Sometimes time stands still. The present becomes so saturated with meaning, so pregnant with love that time no longer seems able to contain it.It has already become eternity, spilling over into the yonder, tearing open the veil separating us from Heaven. The Visitation is one of these superabundant moments where the human heart appears too small for such infinite joy. It takes art to convey something of this encounter, give us a glimpse of the exchange between Mary and Elizabeth. Giotto, like no other, captures this instant, where everything is contained in the gaze between the two women.

Immediately after the Annunciation, Luke tells us Mary went in haste to her elderly cousin who is with child. She seems to get up (“arose” it says in the King James Version Lk 1, 39) after her momentous encounter with the angel, only to rush to Elisabeth. One might have expected another episode before Mary leaves, of her going, for example, to Joseph to let him know what had happened. But this secret was not hers to share. It was God’s and she could therefore not tell her betrothed about the Holy of Holies having taken abode in her as the new arc of the alliance. It takes an angel coming to him in a dream to let him know, as Matthew this time, and not Luke, relates (1, 20). Elisabeth, however, understands without being told. The babe leaping in her own womb announces to her the coming of her Savior, present in Mary’s body. Filled with the Holy Spirit, she is the first to greet Jesus other than His mother (and John the Baptist), and the first to share her secret.

The moment depicted in Giotto’s fresco seems to come before all speech, yet when everything, in a sense, has already been said. The elderly Elizabeth bows gently down before the blessed Mother, intending to kneel perhaps, but is prevented by Mary holding her up. Elisabeth looks at her full of love and reverence, for who is she “that the mother of her Lord should come to her”. And Mary in all simplicity – for nothing is as simple and humble as holy love – allows her to gaze at her and adore the one who is in her womb. Mary therefore has a queenly look, not one filled with any thought about her own greatness or merit – for she believes in neither – but because she radiates God’s glory, being His tabernacle for the next 9 months. Fully anchored in God, she follows no other law but His, being untouched by original sin that would make her prone to be tossed in the storms of human passions or subject to the Zeitgeist – this alone would be enough to turn her into a queen.
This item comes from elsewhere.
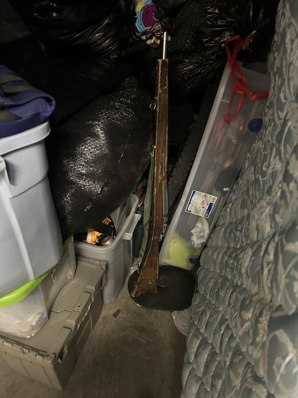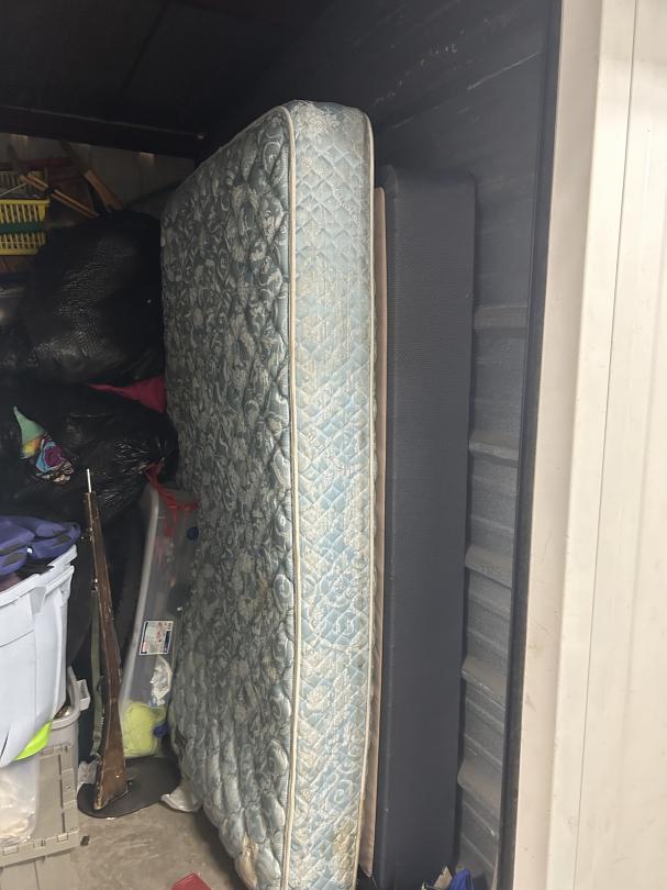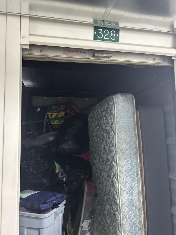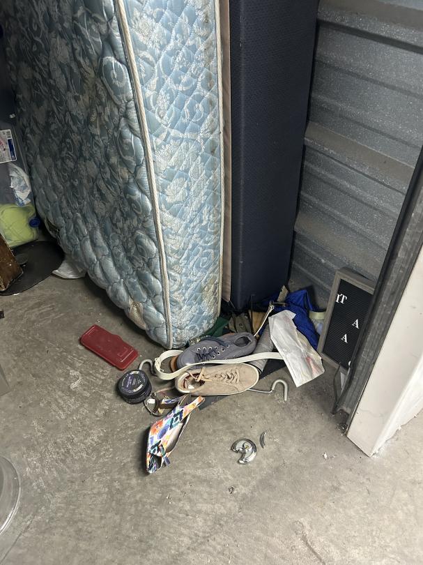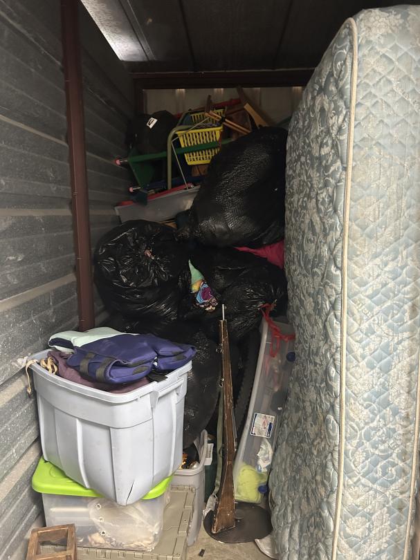 This unit appears to contain…Totes, Mattress, Boxes, toys, Shoes

And because she is unconditionally rooted in the supernatural, she can be present to others in the world like no other. She is fluent in the language of love that we only learn with great difficulty, in a stuttering and faltering way. Hence her gaze at Elisabeth is replete with this love and more expressive than many a word. Here truly a cor ad cor loquitur is happening, not only between the women but between their children. For John the Baptist realizes Christ’s presence before his mother does. And his encounter with Christ is so momentous that he is healed from original sin, that original wound that makes us doubt in God’s love. How fitting that the one announcing the coming of the Messiah should be the one to recognize his arrival first, second only to Mary!
Since everything is contained in this look, the rest of the setting is stark so as not to deflect the onlooker’s attention. No town, no palatial houses in the background, but only an entrance with a few women standing around. The one in the foreground on the left and the other on the right look directly at the two cousins, but seem somewhat removed, probably unaware of what is happening, in any case not part of this exchange; the third has her eyes turned on the first carrying a piece of cloth (both probably servants), thinking possibly of some practical arrangements needing to be made.

But back to Mary and Elisabeth: The words during such a meeting would have to be themselves brimming over with significance. It is therefore not surprising that Elisabeth’s sounds like a poem and that Mary’s canticle calls to be put to music, uniting in symphony all the arts to reflect God’s glory. While Mary magnifies the Lord, Elisabeth blesses her among all women. Magnificat anima mea, Dominum!